Segment Start: Input material
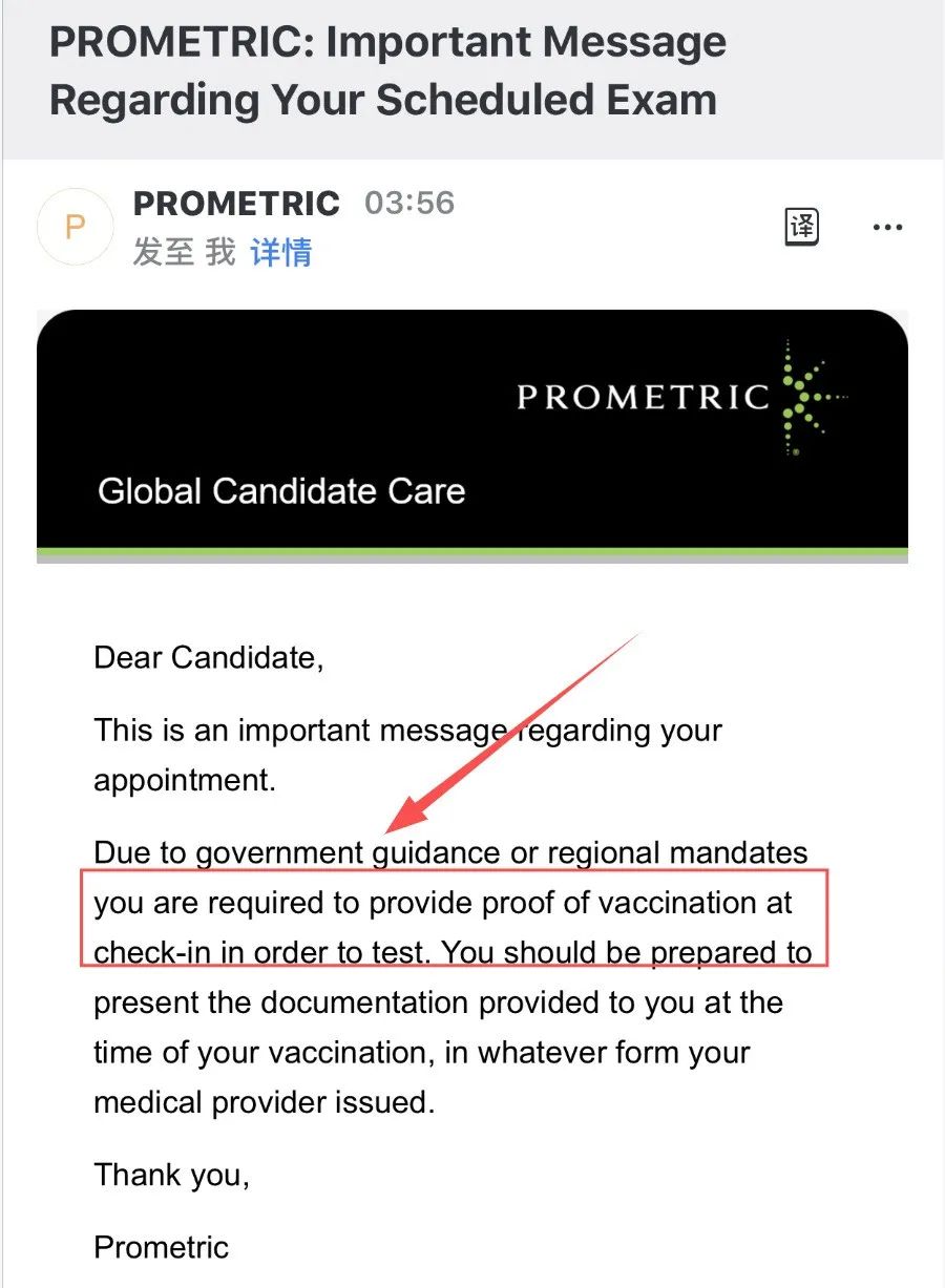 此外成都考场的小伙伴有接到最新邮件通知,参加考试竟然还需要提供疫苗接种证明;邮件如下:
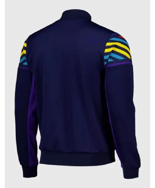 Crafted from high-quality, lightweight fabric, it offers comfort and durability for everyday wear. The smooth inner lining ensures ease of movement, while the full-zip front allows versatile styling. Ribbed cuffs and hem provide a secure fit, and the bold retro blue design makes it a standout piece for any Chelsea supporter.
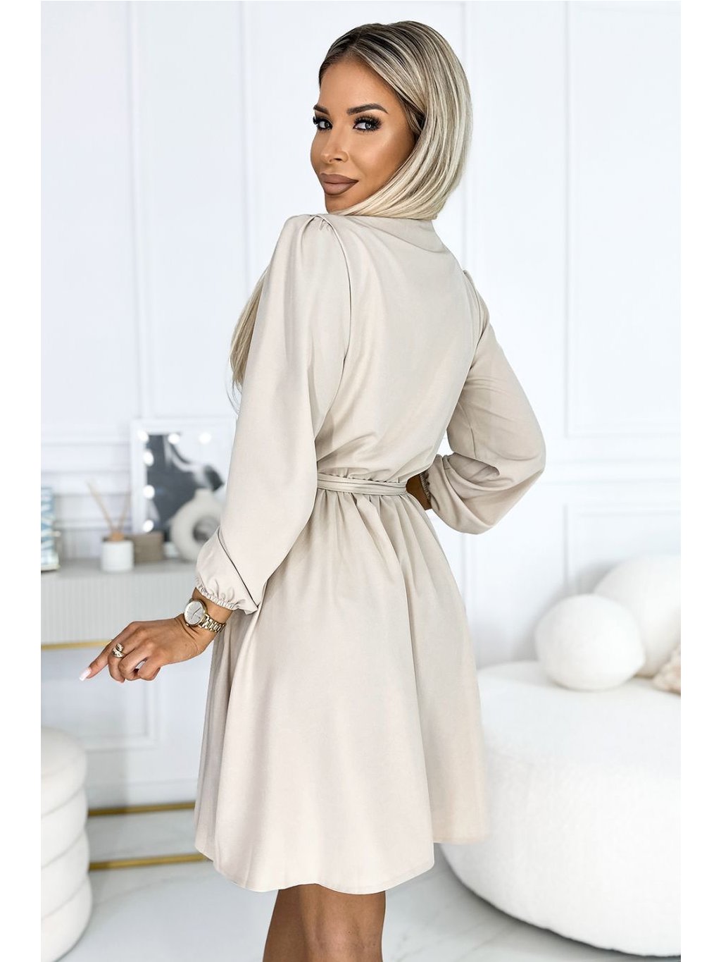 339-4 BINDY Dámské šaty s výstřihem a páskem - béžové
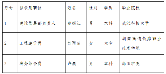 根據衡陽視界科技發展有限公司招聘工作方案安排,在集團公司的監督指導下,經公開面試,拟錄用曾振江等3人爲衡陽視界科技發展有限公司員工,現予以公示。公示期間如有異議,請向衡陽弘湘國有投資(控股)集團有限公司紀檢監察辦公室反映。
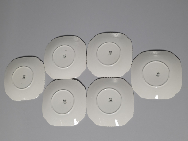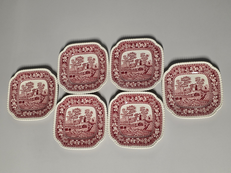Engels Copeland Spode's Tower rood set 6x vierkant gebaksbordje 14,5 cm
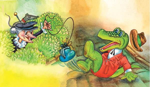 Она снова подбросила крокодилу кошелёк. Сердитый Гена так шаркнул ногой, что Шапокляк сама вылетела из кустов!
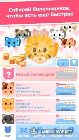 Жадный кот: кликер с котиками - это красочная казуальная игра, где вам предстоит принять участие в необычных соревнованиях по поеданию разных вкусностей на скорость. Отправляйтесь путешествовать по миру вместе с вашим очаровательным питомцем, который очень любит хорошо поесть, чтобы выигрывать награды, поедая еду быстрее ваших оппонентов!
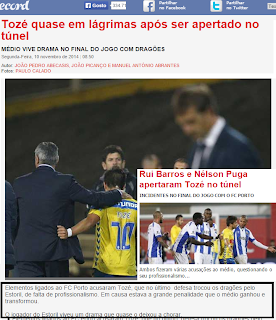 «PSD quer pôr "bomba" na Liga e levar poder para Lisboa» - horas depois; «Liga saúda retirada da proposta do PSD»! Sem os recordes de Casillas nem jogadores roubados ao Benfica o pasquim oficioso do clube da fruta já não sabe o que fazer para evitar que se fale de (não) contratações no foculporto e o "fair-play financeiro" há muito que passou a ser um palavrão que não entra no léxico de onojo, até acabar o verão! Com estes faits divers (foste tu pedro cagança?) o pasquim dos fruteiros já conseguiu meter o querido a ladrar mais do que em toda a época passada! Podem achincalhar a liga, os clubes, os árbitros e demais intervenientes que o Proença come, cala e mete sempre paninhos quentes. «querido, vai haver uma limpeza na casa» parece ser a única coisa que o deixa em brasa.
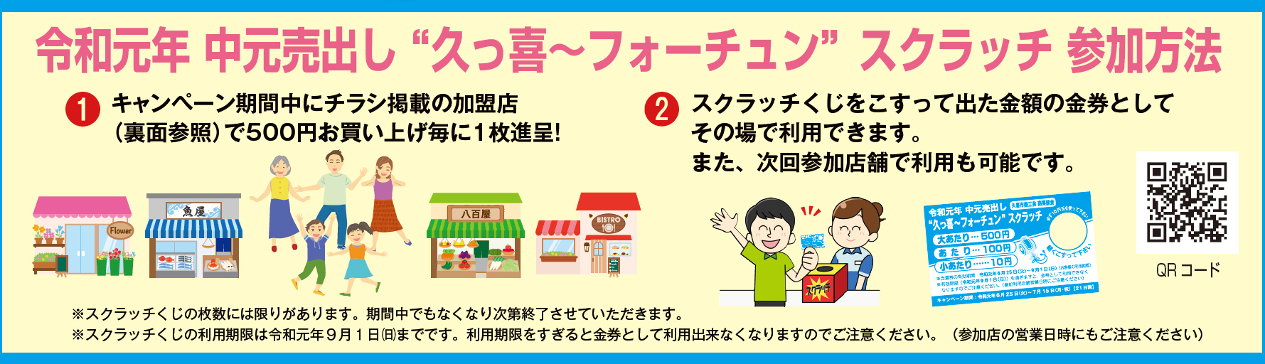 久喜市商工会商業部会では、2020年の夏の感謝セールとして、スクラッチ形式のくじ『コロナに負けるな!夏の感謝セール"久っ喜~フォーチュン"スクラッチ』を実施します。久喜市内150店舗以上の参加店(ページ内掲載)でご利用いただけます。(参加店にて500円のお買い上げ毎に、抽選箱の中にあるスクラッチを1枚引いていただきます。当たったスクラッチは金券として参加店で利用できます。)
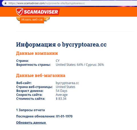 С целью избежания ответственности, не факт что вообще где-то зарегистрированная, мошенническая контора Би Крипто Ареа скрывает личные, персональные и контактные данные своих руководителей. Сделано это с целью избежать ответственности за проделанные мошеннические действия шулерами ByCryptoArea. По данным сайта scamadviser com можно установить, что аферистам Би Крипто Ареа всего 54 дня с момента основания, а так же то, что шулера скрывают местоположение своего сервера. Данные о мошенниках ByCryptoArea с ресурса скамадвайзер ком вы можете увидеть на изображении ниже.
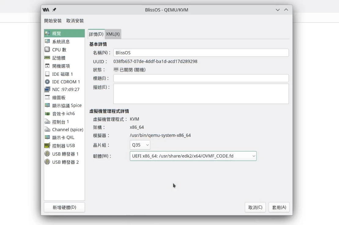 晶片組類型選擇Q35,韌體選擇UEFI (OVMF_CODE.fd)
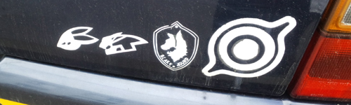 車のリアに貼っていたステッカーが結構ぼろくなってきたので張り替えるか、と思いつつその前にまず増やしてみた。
Segment End: Input material
- [To do] I'd like every record above written out again exactly, without the pictures.

- [Response area]
 此外成都考场的小伙伴有接到最新邮件通知,参加考试竟然还需要提供疫苗接种证明;邮件如下:
 Crafted from high-quality, lightweight fabric, it offers comfort and durability for everyday wear. The smooth inner lining ensures ease of movement, while the full-zip front allows versatile styling. Ribbed cuffs and hem provide a secure fit, and the bold retro blue design makes it a standout piece for any Chelsea supporter.
 339-4 BINDY Dámské šaty s výstřihem a páskem - béžové
 根據衡陽視界科技發展有限公司招聘工作方案安排,在集團公司的監督指導下,經公開面試,拟錄用曾振江等3人爲衡陽視界科技發展有限公司員工,現予以公示。公示期間如有異議,請向衡陽弘湘國有投資(控股)集團有限公司紀檢監察辦公室反映。
Engels Copeland Spode's Tower rood set 6x vierkant gebaksbordje 14,5 cm
 Она снова подбросила крокодилу кошелёк. Сердитый Гена так шаркнул ногой, что Шапокляк сама вылетела из кустов!
 Жадный кот: кликер с котиками - это красочная казуальная игра, где вам предстоит принять участие в необычных соревнованиях по поеданию разных вкусностей на скорость. Отправляйтесь путешествовать по миру вместе с вашим очаровательным питомцем, который очень любит хорошо поесть, чтобы выигрывать награды, поедая еду быстрее ваших оппонентов!
 «PSD quer pôr "bomba" na Liga e levar poder para Lisboa» - horas depois; «Liga saúda retirada da proposta do PSD»! Sem os recordes de Casillas nem jogadores roubados ao Benfica o pasquim oficioso do clube da fruta já não sabe o que fazer para evitar que se fale de (não) contratações no foculporto e o "fair-play financeiro" há muito que passou a ser um palavrão que não entra no léxico de onojo, até acabar o verão! Com estes faits divers (foste tu pedro cagança?) o pasquim dos fruteiros já conseguiu meter o querido a ladrar mais do que em toda a época passada! Podem achincalhar a liga, os clubes, os árbitros e demais intervenientes que o Proença come, cala e mete sempre paninhos quentes. «querido, vai haver uma limpeza na casa» parece ser a única coisa que o deixa em brasa.
 久喜市商工会商業部会では、2020年の夏の感謝セールとして、スクラッチ形式のくじ『コロナに負けるな!夏の感謝セール"久っ喜~フォーチュン"スクラッチ』を実施します。久喜市内150店舗以上の参加店(ページ内掲載)でご利用いただけます。(参加店にて500円のお買い上げ毎に、抽選箱の中にあるスクラッチを1枚引いていただきます。当たったスクラッチは金券として参加店で利用できます。)
 С целью избежания ответственности, не факт что вообще где-то зарегистрированная, мошенническая контора Би Крипто Ареа скрывает личные, персональные и контактные данные своих руководителей. Сделано это с целью избежать ответственности за проделанные мошеннические действия шулерами ByCryptoArea. По данным сайта scamadviser com можно установить, что аферистам Би Крипто Ареа всего 54 дня с момента основания, а так же то, что шулера скрывают местоположение своего сервера. Данные о мошенниках ByCryptoArea с ресурса скамадвайзер ком вы можете увидеть на изображении ниже.
 晶片組類型選擇Q35,韌體選擇UEFI (OVMF_CODE.fd)
 車のリアに貼っていたステッカーが結構ぼろくなってきたので張り替えるか、と思いつつその前にまず増やしてみた。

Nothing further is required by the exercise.